**Requirement:** Images are to be left out; everything else in the listing should be repeated exactly.

**Dataset content:**
|---|
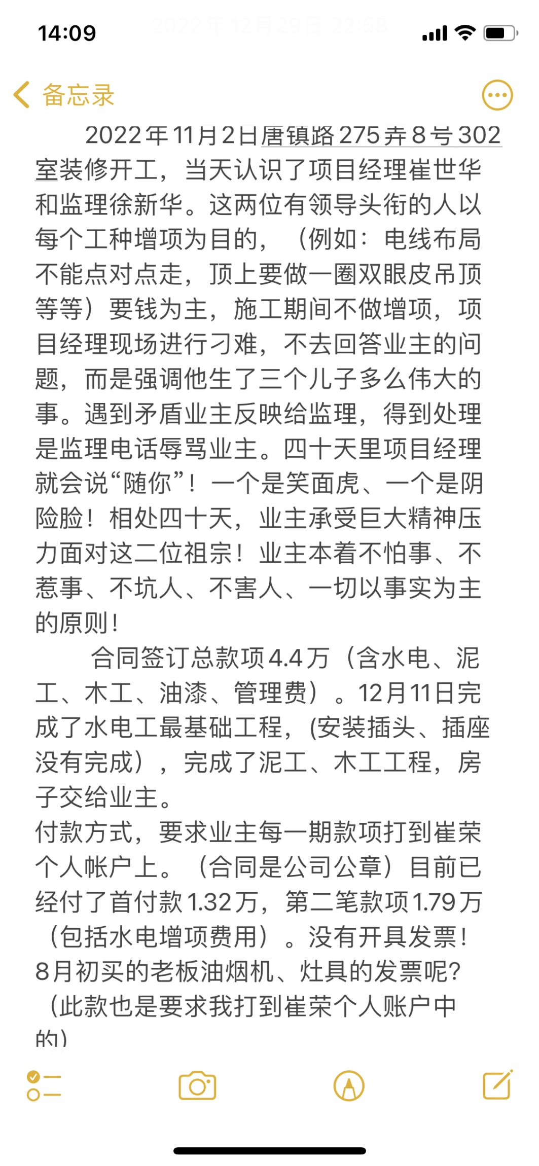 2022年11月1日我與鵬榮建筑設(shè)計(jì)中心簽訂裝修合同。四十天裝修遇到問題得不到幫助,得到的是刁難和辱罵。有的項(xiàng)目沒有做不扣除費(fèi)用,增項(xiàng)項(xiàng)目有重復(fù)計(jì)費(fèi)、有的是天價(jià)不符合實(shí)際米數(shù)和面積。請(qǐng)求老師幫助審價(jià)和核實(shí)!
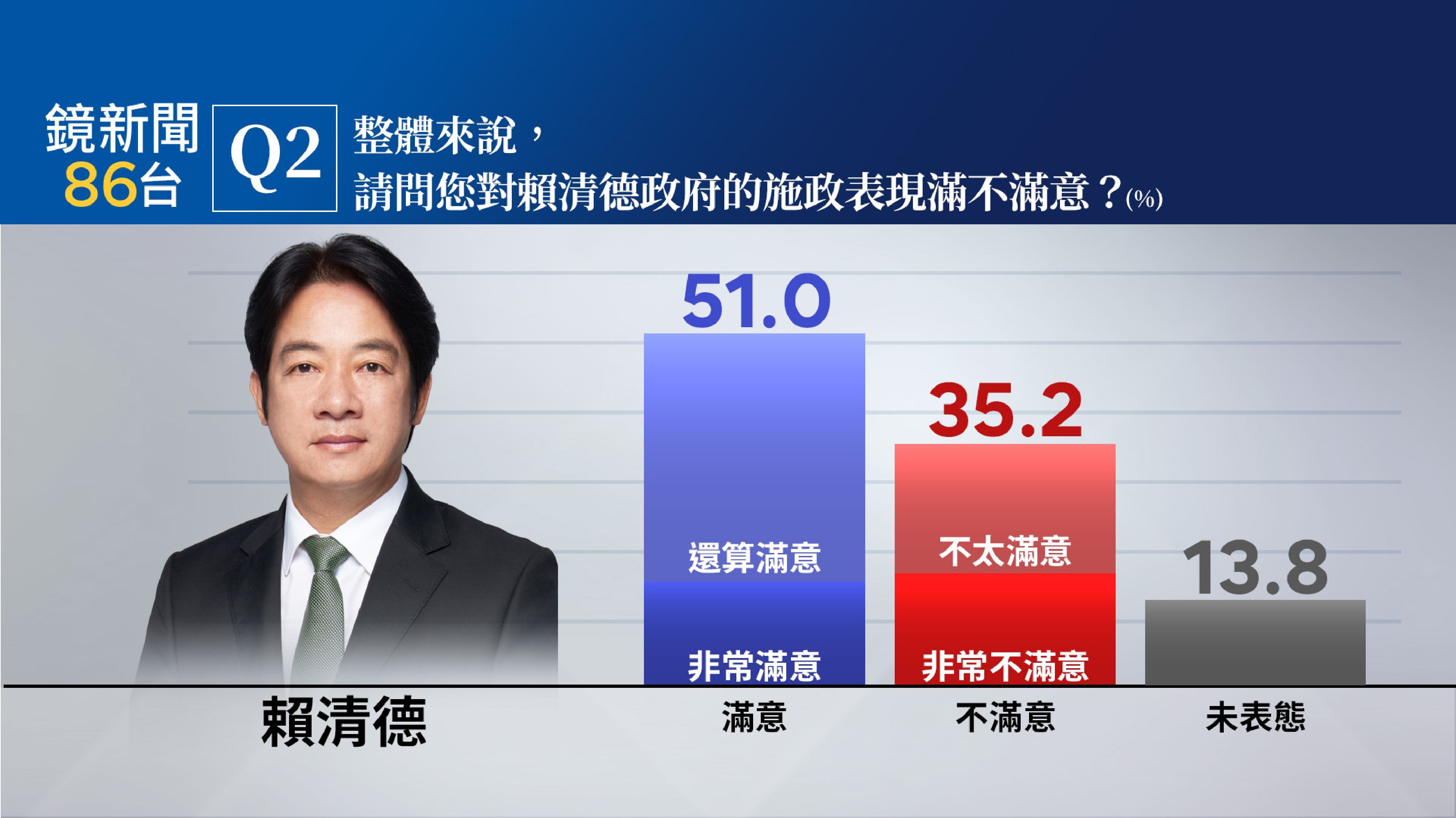 賴總統施政滿意度 51.0%滿意、35.2%不滿意
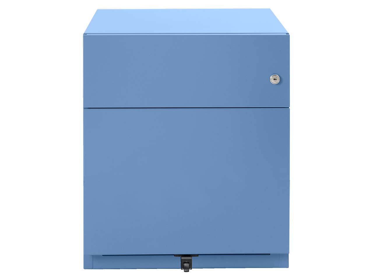 Der BISLEY Rollencontainer "Note" ist geradlinig designt und bietet eine Universal- und Hängeregistraturschublade, die sich jeweils zu 80 % ausziehen lassen. 4 unsichtbare Lenkrollen sorgen dafür, dass der Rollencontainer mobil ist. Eine 5. Rolle dient der Kippsicherung. In der oberen Schublade befindet sich das Zentralschloss zum Abschließen. Für Format DIN A4. B 42 x T 56,5 x H 49,5 cm.
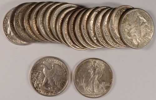 ONE ROLL ( 20 ) MIXED DATE AU WALKING LIBERTY HALF DOLLARS, 1947 AND OLDER
|---|
**Solved exercise:**
 2022年11月1日我與鵬榮建筑設(shè)計(jì)中心簽訂裝修合同。四十天裝修遇到問題得不到幫助,得到的是刁難和辱罵。有的項(xiàng)目沒有做不扣除費(fèi)用,增項(xiàng)項(xiàng)目有重復(fù)計(jì)費(fèi)、有的是天價(jià)不符合實(shí)際米數(shù)和面積。請(qǐng)求老師幫助審價(jià)和核實(shí)!
 賴總統施政滿意度 51.0%滿意、35.2%不滿意
 Der BISLEY Rollencontainer "Note" ist geradlinig designt und bietet eine Universal- und Hängeregistraturschublade, die sich jeweils zu 80 % ausziehen lassen. 4 unsichtbare Lenkrollen sorgen dafür, dass der Rollencontainer mobil ist. Eine 5. Rolle dient der Kippsicherung. In der oberen Schublade befindet sich das Zentralschloss zum Abschließen. Für Format DIN A4. B 42 x T 56,5 x H 49,5 cm.
 ONE ROLL ( 20 ) MIXED DATE AU WALKING LIBERTY HALF DOLLARS, 1947 AND OLDER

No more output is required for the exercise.